(Exercise aim): In the entries below, find the line with "Stainless steel case" and the line with "Uma paisagem simples"; copy them and every line between them exactly, but not the pictures.

Records drawn from a dataset:
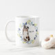 Niedliche Tasse für die stolze Hundemutter. Der Blumenkranz in Aquarellfarben ist eine federblaue Blume und eine Kombination aus grünem Blattwerk. Die Australian Shepherd porträtiert Aquarellbilder mit benutzerdefiniertem Text und fügt den Welpennamen oder Ihren eigenen hinzu. Die perfekte Tasse für einen Hundefreund.
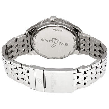 Stainless steel case with a stainless steel bracelet. Fixed stainless steel bezel. Silver dial with luminous silver-tone hands and index hour markers. Arabic numeral minute markers (at 5 minute intervals). Minute markers around the outer rim. Dial Type: Analog. Luminescent hands and markers. Small seconds sub-dial. Breitling calibre 37 automatic movement with a 42-hour power reserve. Scratch resistant sapphire crystal. Pull / push crown. Solid case back. Round case shape. Case size: 40 mm. Case thickness: 11.40 mm. Band width: 20 mm. Deployment clasp with a push button release. Water resistant at 100 meters / 330 feet. Functions: hour, minute, small second, chronometer. Luxury watch style. Watch label: Swiss Made. Breitling Premier Automatic Chronometer Silver Dial Men's Watch A37340351G1A1.
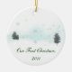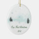 Uma paisagem simples mas elegante em um ornamento que comemora "nosso primeiro Natal".
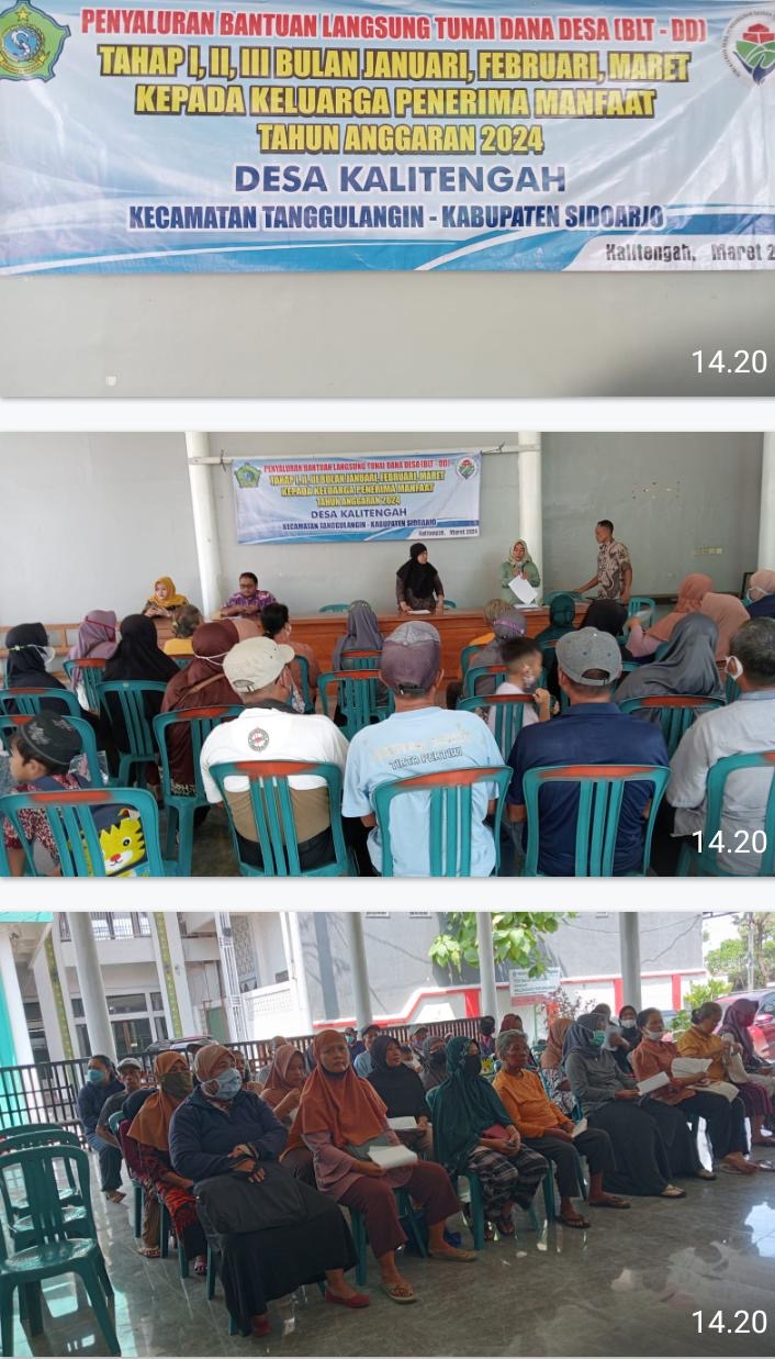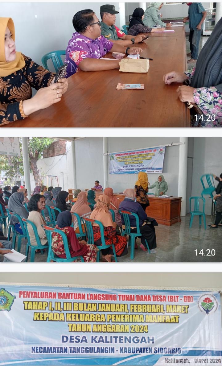 (938 Views) March 27, 2024 3:02 am | Published by pimred | No commentSidoarjo – SuaraJatim.News – Pemerintah Desa KaliTengah Kecamatan Tanggulangin Kabupaten Sidoarjo, telah melaksanakan penyaluran bantuan langsung tunai BLT Dana Desa Tahap 1~2 dan 3, pada bulan Januari~Februari~Maret Tahun anggaran 2024. kepada Keluarga Penerima manfaat. Selasa 26 Maret 2024 mulai pukul 10.00 Wib sampai dengan selesai.
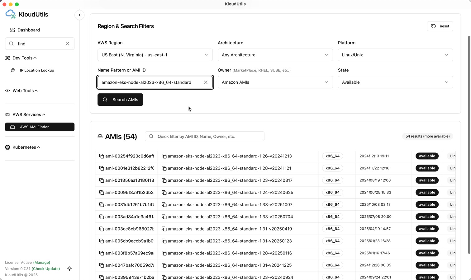 - • Added AWS AMI Finder tool (search by name, ami-id, architecture, platform, etc.)

(Solution to this task):
 Stainless steel case with a stainless steel bracelet. Fixed stainless steel bezel. Silver dial with luminous silver-tone hands and index hour markers. Arabic numeral minute markers (at 5 minute intervals). Minute markers around the outer rim. Dial Type: Analog. Luminescent hands and markers. Small seconds sub-dial. Breitling calibre 37 automatic movement with a 42-hour power reserve. Scratch resistant sapphire crystal. Pull / push crown. Solid case back. Round case shape. Case size: 40 mm. Case thickness: 11.40 mm. Band width: 20 mm. Deployment clasp with a push button release. Water resistant at 100 meters / 330 feet. Functions: hour, minute, small second, chronometer. Luxury watch style. Watch label: Swiss Made. Breitling Premier Automatic Chronometer Silver Dial Men's Watch A37340351G1A1.
 Uma paisagem simples mas elegante em um ornamento que comemora "nosso primeiro Natal".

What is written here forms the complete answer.